I'm building a parser for a language containing preprocessor instructions in special preprocessor sections (enclosed by { and }). One of them is similar to the C #define.
I'd like to lex the file in one run using an island grammar for the preprocessor parts.
When I hit the #define instruction, I'd like to include another island grammar which contains all the tokens (approx. 200) of the "regular" part, except the preprocessing region start token and emits the tokens on a different channel and of course has a stop token which returns to the preprocessor island grammar. It is not really vital that the preprocessor region starting token { is really removed since the files I parse are valid, but would be nice.
Is there a way to "reuse" the lexer rules for two modes (I can emit to a named non-const channel which value I could change upon entering/leaving the island)?

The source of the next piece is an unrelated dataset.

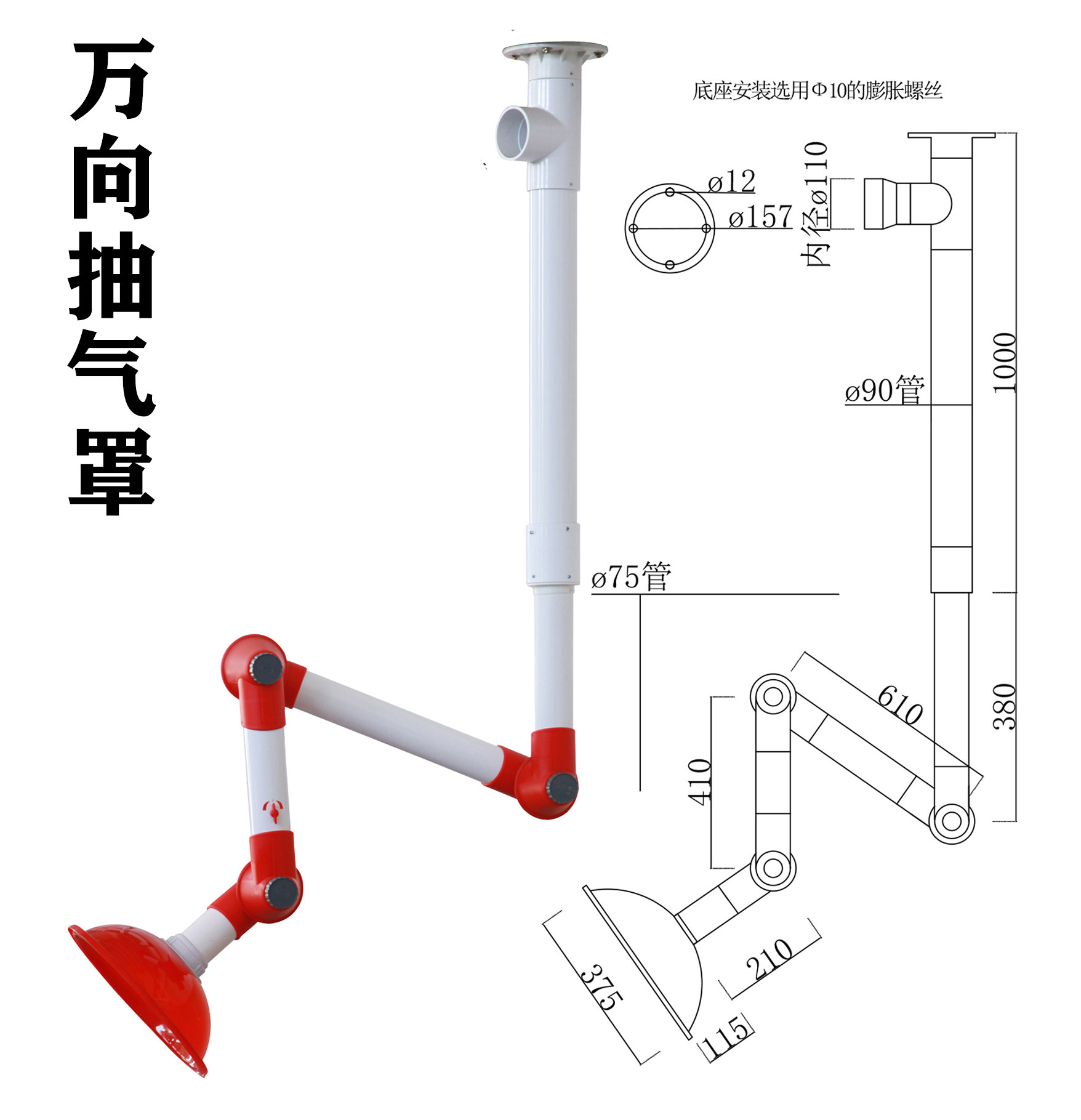 Atomic assay test laboratory pp universal suction exhaust air exhaust suction wind stainless steel ventilation hood
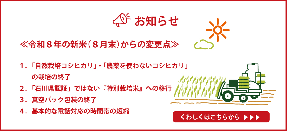つきましては、まことに不本意ではございますが、令和7年産米より、価格の改定をさせて頂くこととなりましたのでご案内申し上げます。お客様におかれましても物価上昇で大変な折、とても心苦しい限りですが、何卒ご理解賜りますようよろしくお願い申し上げます。

Here's some sample source file:
int a = 42;
{ // start preprocessor section
// simple single line #define
#define ABC 42
// will be fix "2 * 42" even if ABS is changed later on
#define DEF 2 * ABC
// multiple line define (all but last line needs to have a "\" before the newline
#define GHI 3 \
+ 4
// the definition can contain (almost) arbitrary code, except line comments, preprocessor sections and preprocessor statements
#define JKL if (a > 23) then b = c + d; str = "} <- this must not be the end of the preprocessor section"; end_if;
} // end preprocessor section